There's a lot of fine jewelry here, too, as well as handmade beeswax candles by "Greentree" for $20, and even some very classy soap. Beautiful polished wood boxes by Chris Kann run from $46 to $225, depending on size. Hand-crafted wooden spoons add a touch of class to your table. These handsome objects are priced from $8 to $48; a nice pair of salad utensils is about $32.

For a really impressive gift, you can spend several hundred dollars for a unique, crystal glazed vase by Hideaki S. Miyamura. Miyamura was apprenticed by Japanese ceramist Yohen Tenmokuto to create special iridescent glazes. These absolutely gorgeous vases and jars with gold and blue-black iridescent crystal glazes are examples of what Miyamura came up with after years of experimentation. Prices range from $450-$950.

Gallery W.D.O. will host an "Atherton Mill wake" for the December 7 Gallery Crawl. The shop will be moving to a new location next year, appropriately adjacent to the Mint Museum of Craft + Design. (The gift shop in the Mint Museum of Craft + Design is itself another good place to find smart things for gifts.)

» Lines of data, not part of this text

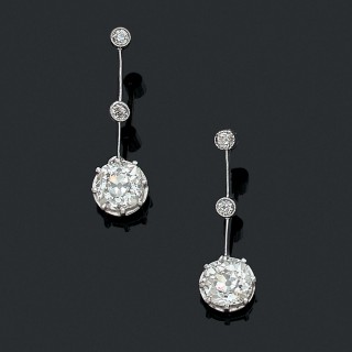 Paire de pendants d'oreilles en platine (850‰) et or gris 18K (750‰) sertis de deux diamants taille ancienne calibrant chacun 1,30 c...
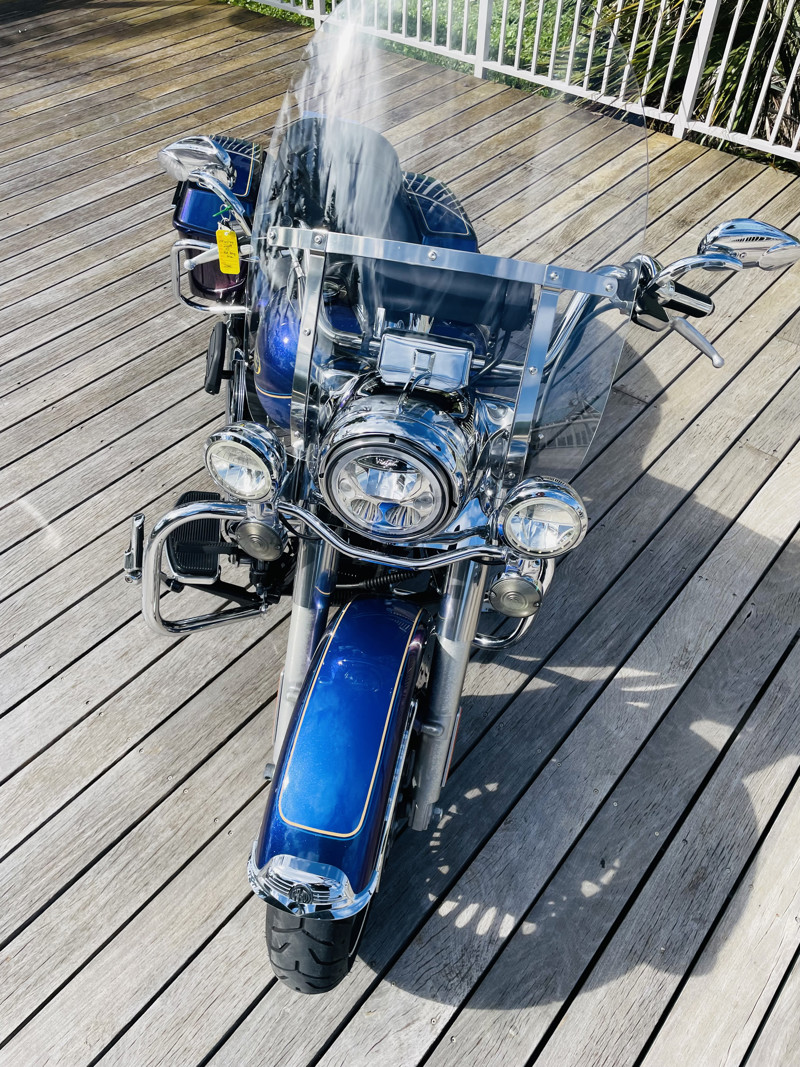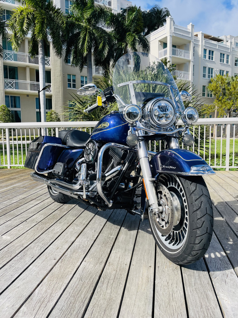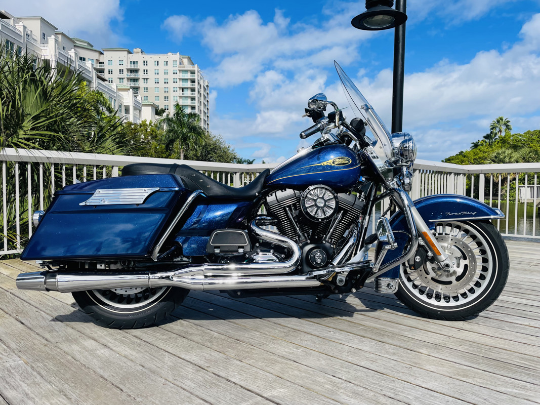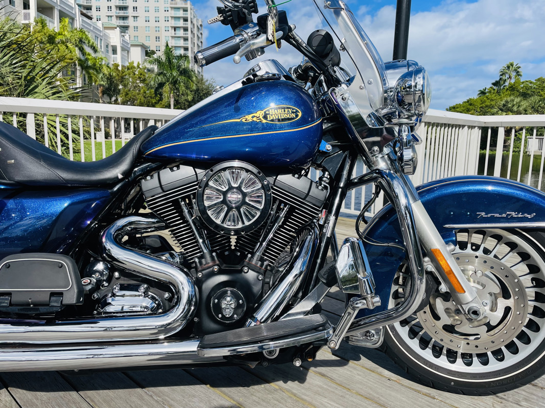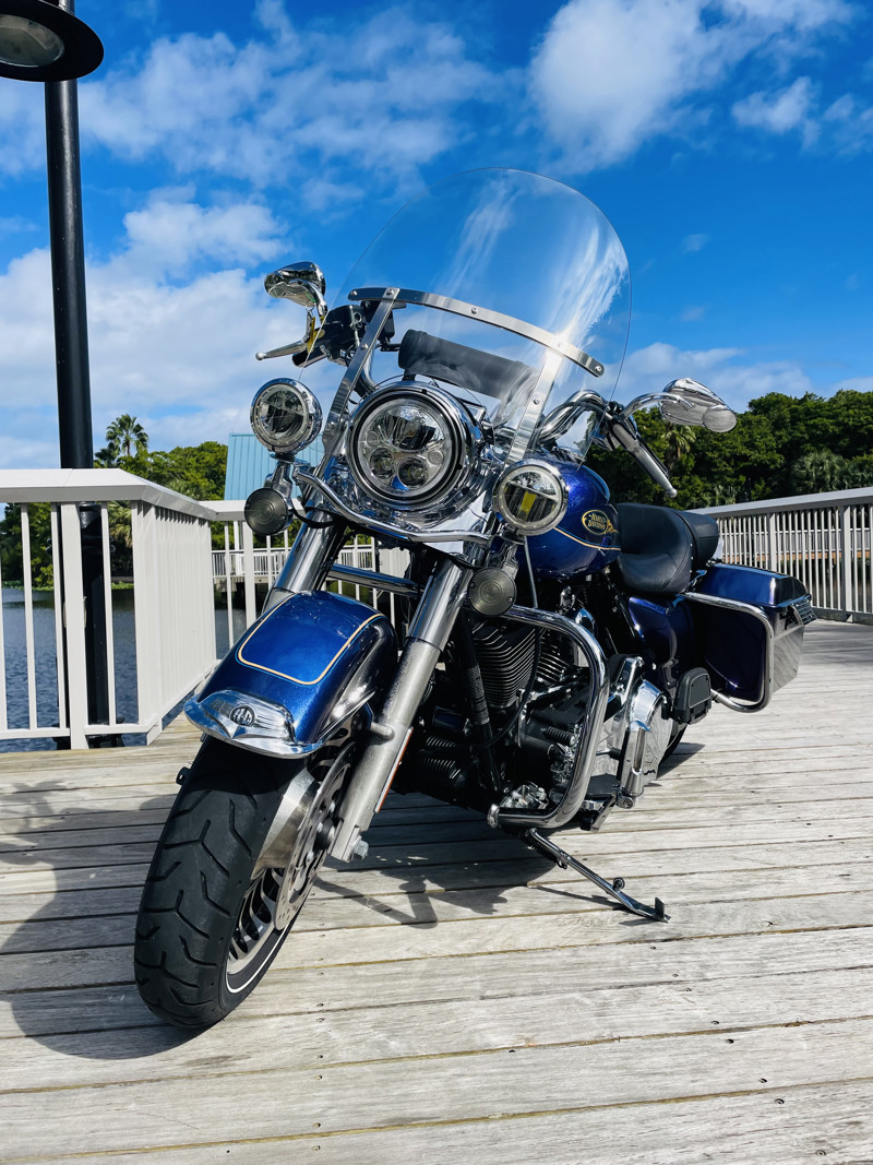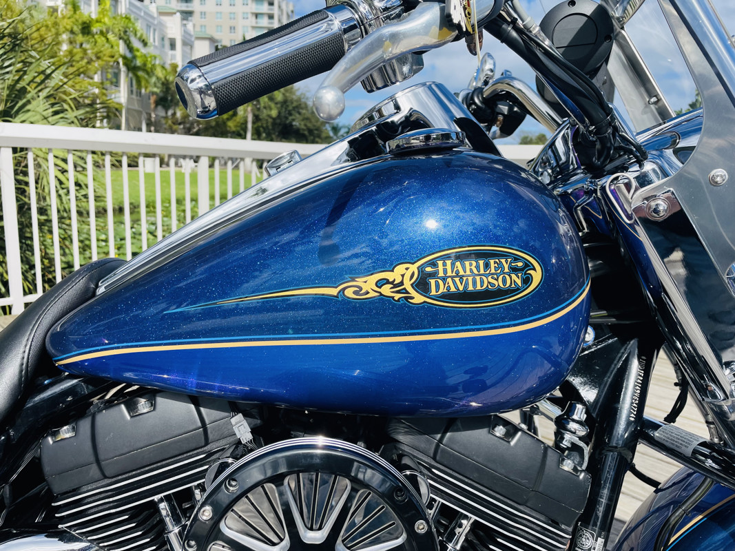 Harley Davidson’s Road King is the smallest of the big touring bikes. The main reason why Police Departments use this bike as their choice of police bikes is the agility yet the comfort and ability to carry heavy equipment to do their work. It is the perfect in between when you do not want to take out the big and bulky Street Glides or Electra Glides, yet if you want to go on a trip add a tour pack easy to the quick-connects and you are riding with all the trunk space you need.
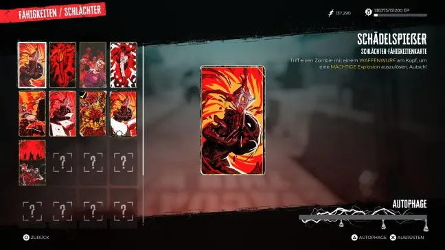 Skullsplitter: еще одна карта умений мясника, для получения которой не нужно прилагать особых усилий. Достаточно достичь 21-го уровня персонажа, и Skullsplitter станет вашим. Если ударить им зомби по голове, произойдет мощный взрыв.
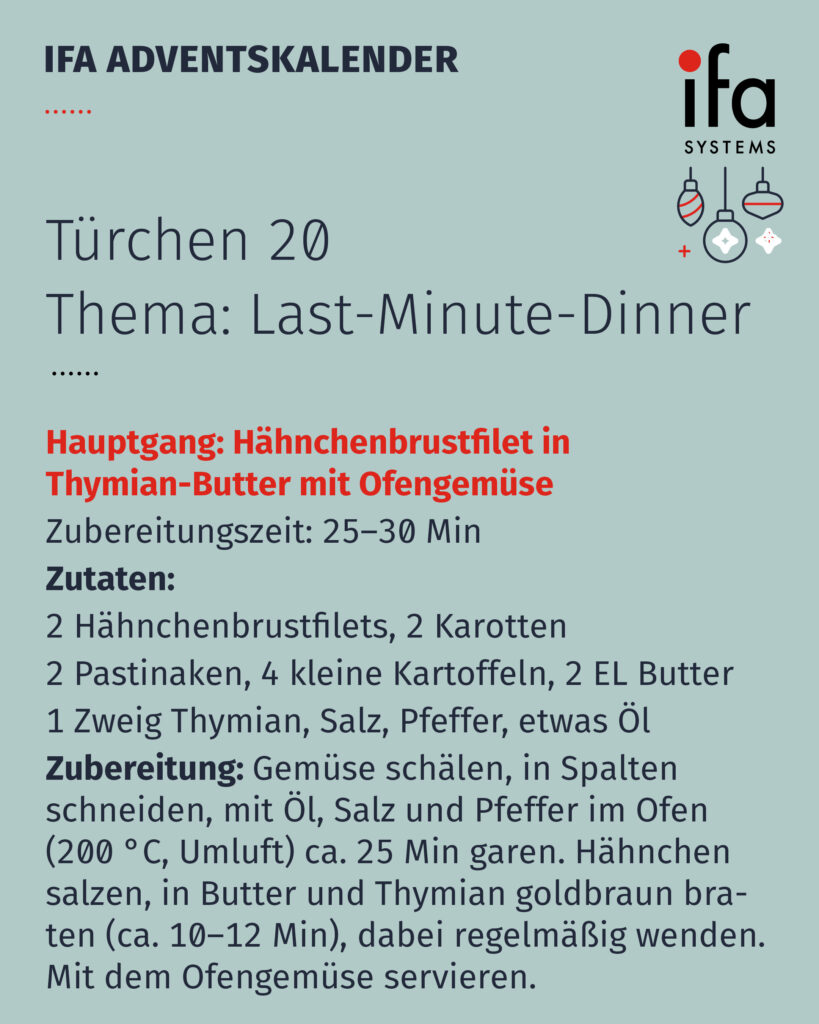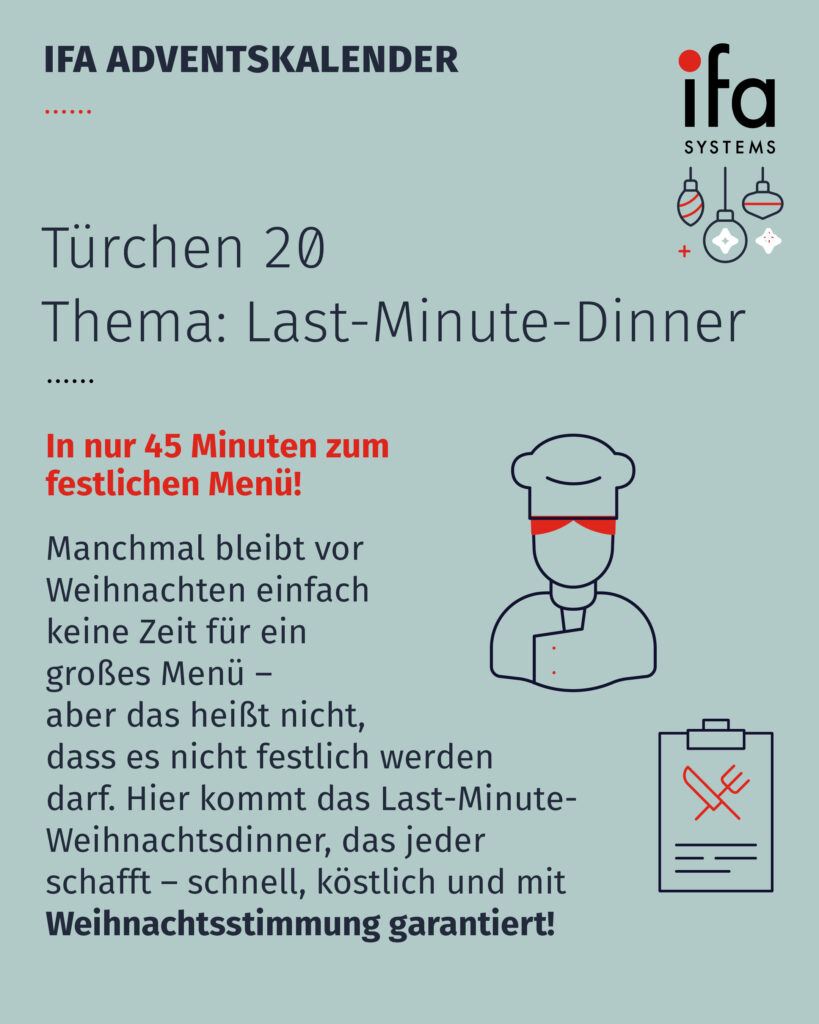 In nur 45 Minuten zaubern Sie ein festliches Menü für 4 Personen – lecker, einfach und weihnachtlich:
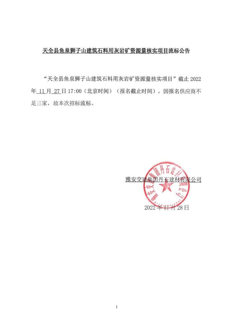 雅安交建集團丹石建材有限公司天全縣魚泉獅子山建筑石料用灰?guī)r礦資源量核實項目流標(biāo)公告
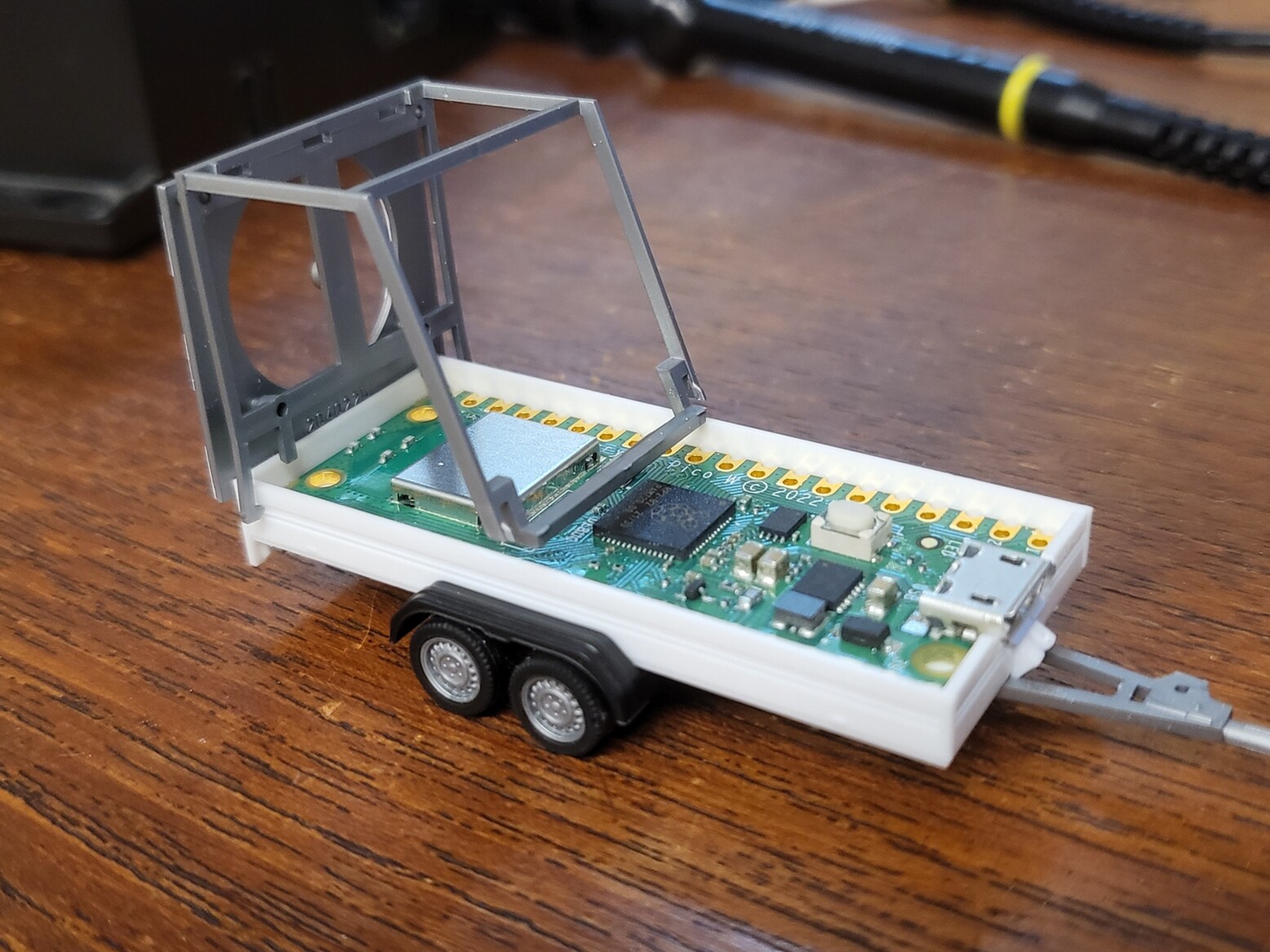 Aber, was wollte ich sagen? ...es passt wirklich! Es geht ein kompletter Raspberry Pico WLAN auf den Anhänger!

* And of course the American Craft Council is coming to town. This blockbuster is a great showcase for artists and artisans from across the nation, and runs from Friday, December 7 through Sunday, December 9. Tickets are $6, or $10 for a two-day pass. Call for information at 704-331-8187.

I'd caution art gift seekers not to be so wowed by the ACC craft show that you neglect to support your local artists. In many, many cases, they're just as good, and there's no admission charge to Charlotte galleries and studios.

These are only a few suggestions for holiday gift-giving in the "affordable" category of artwork available at favorite local galleries. Cool, original works of art -- sized right for holiday presents -- abound in Charlotte these weeks before the holidays.